* _EXERCISE DESCRIPTION_: Reproduce exactly the run of lines that begins with the one containing "Уютный трёхместный номер" and ends with the last line of the records, omitting pictures.

○ ○ ○ ○ ○

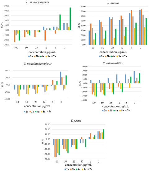 To begin with, we evaluated the effect of selected silatranes 2a, 2b, 4a, 5a, and 7a at a concentration of 400–200 μg/mL on the growth of microorganisms using a method of broth serial dilution and a method of diffusion into agar [50]. It was shown that the studied compounds insignificantly inhibited the growth of all microorganisms (Inhibition Index—II by an average of 33.7 ± 9.5%). At a lower concentration (100 µg/mL), silatranes 2a, 2b, 4a, 5a, and 7a even more weakly inhibited the growth of test strains L. monocytogenes, Y. pestis, Y. enterocolitica, and Y. pseudotuberculosis (II by an average of 16.2 ± 8.5 %). In the experiments using the diffusion method into HA, no zones of inhibition were observed.
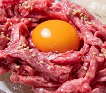 店主は認定生食用食肉取扱者で、生肉のご提供が可能。A5和牛を使った極上ユッケ刺しをご堪能ください。
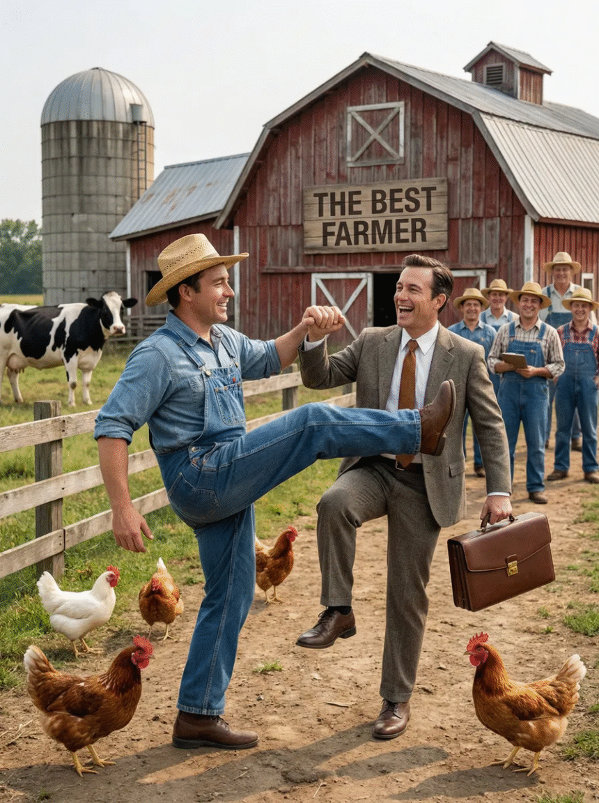 The lawyer was on all fours when the farmer’s third kick to his rear end, sent him face-first into a fresh cow pie. Summoning every bit of his will and remaining strength the lawyer very slowly managed to get to his feet
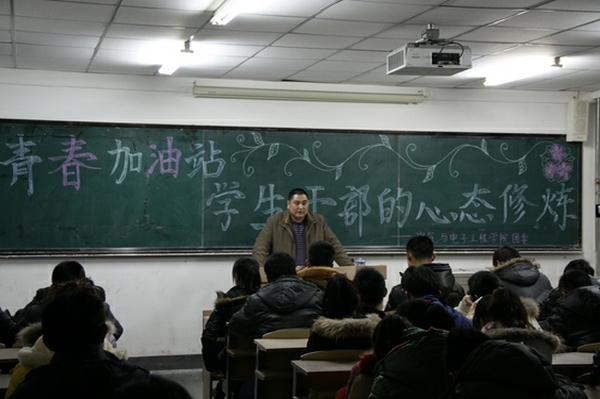 培训中,郑老师通过诙谐幽默的语言以及富有寓意的小故事向同学们讲述着良好心态对员工干部的重要性,他说:“没有好的心态就难以承受工作的压力,没有好的心态就难以完成自我的提高,没有好的心态就难以创造优秀的工作成绩。”郑老师从生活、工作、待人处事等几个方面向大家介绍了什么是阳光心态,并从“改变对事情的态度”、“享受过程,活在当下”等七个方面告诉大家怎样塑造阳光心态。接着,由一个“你是否是一个拥有阳光的心态的人”的提问进入 “阳光心态测试”部分,使同学们陷入思考。思考过后,郑老师又向同学们介绍了“感恩心态”“零度心态”“积极心态”“执著心态”和“共赢心态”。他表示,员工干部只有具备了这些心态,才能使自己的内心充满能量、释放能量,并更好的为同学们服务。
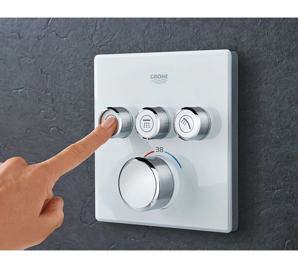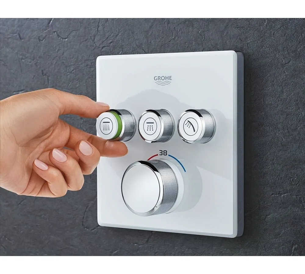 Встраиваемый элегантный термостат обладает необычным цветом «белая луна». На виду остается только небольшая металлическая панель с тремя кнопками SmartControl и регулятор температуры воды. При нажатии «умных» кнопок происходит включение/выключение воды в выбранном устройстве – ручном, верхнем душе или изливе для ванны, их поворот регулирует напор от минимального водосберегающего EcoJoy до максимального. Благодаря фирменной технологии GROHE TurboStat будет обеспечена подача воды заданной температуры, а стопор безопасности, останавливающий поток при повышении температуры выше 38 °С, поможет уберечься от внезапного ошпаривания. Металлические элементы термостата выполнены из латуни – материала, стойкого к воздействию коррозии. Фирменное хромированное покрытие GROHE StarLight не тускнеет со временем и сохранит безупречный блеск на долгие годы.
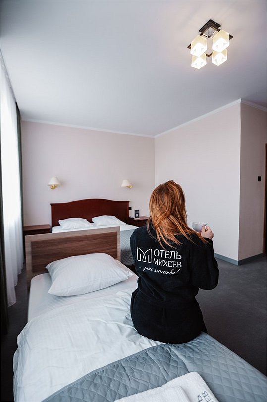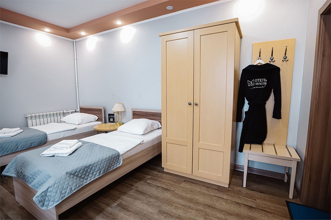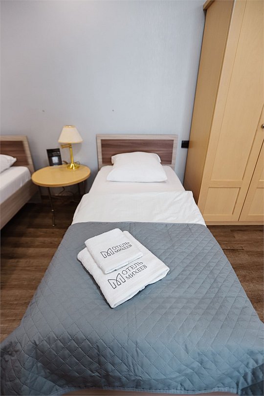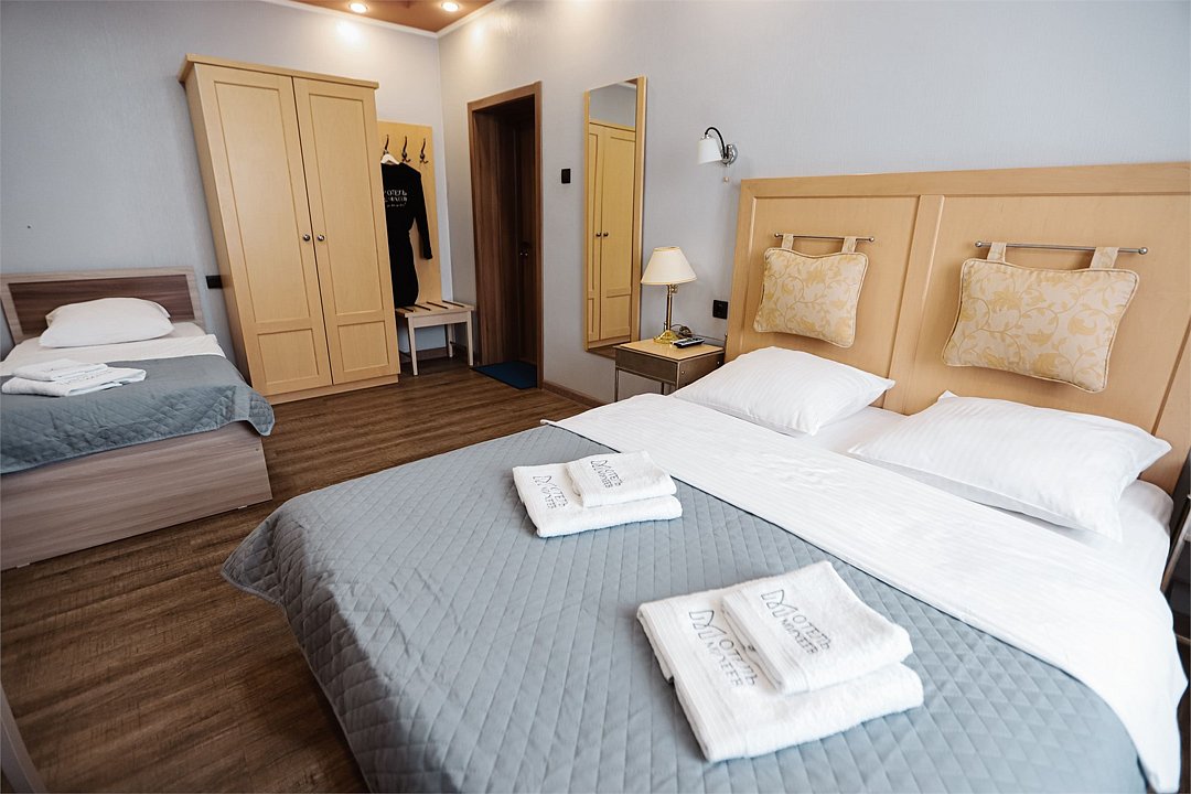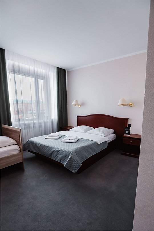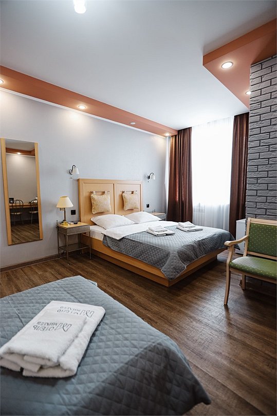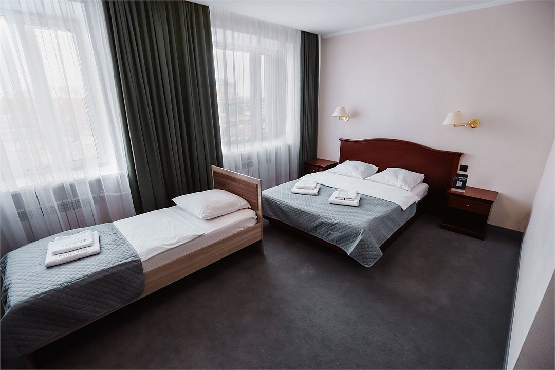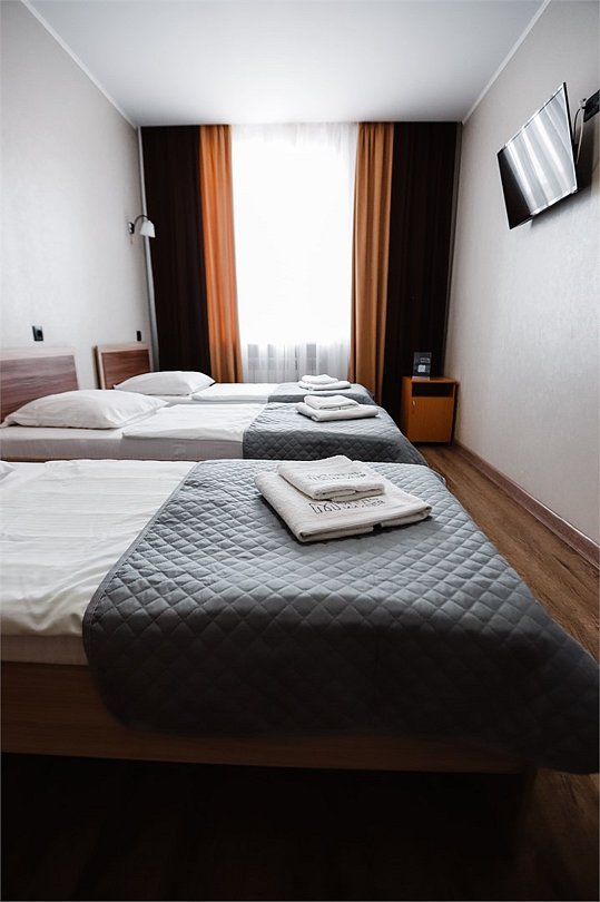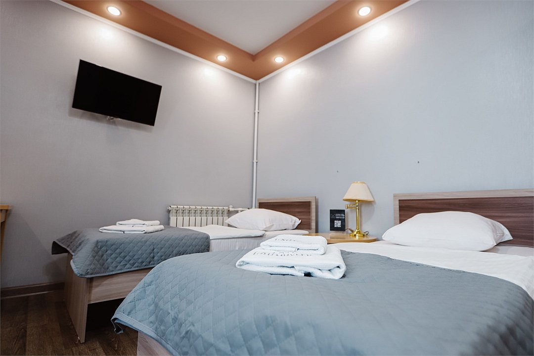 Уютный трёхместный номер со всеми удобствами для проживания с двуспальной кроватью и одной односпальной. В номере есть холодильник, телевизор, электрочайник, бесплатный высокоскоростной wi-fi, постельные и туалетные принадлежности.Услуги и удобства
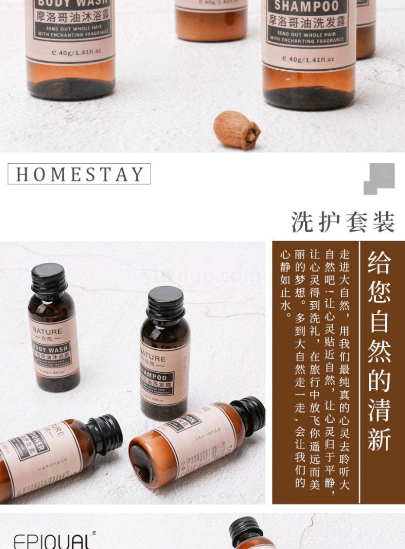 About Product:Hotel Homestay Hotel disposable Morocco shampoo bath liquid bottle 40ml guest room wash suit

○ ○ ○ ○ ○

* _THE ANSWER_:
 Уютный трёхместный номер со всеми удобствами для проживания с двуспальной кроватью и одной односпальной. В номере есть холодильник, телевизор, электрочайник, бесплатный высокоскоростной wi-fi, постельные и туалетные принадлежности.Услуги и удобства
 About Product:Hotel Homestay Hotel disposable Morocco shampoo bath liquid bottle 40ml guest room wash suit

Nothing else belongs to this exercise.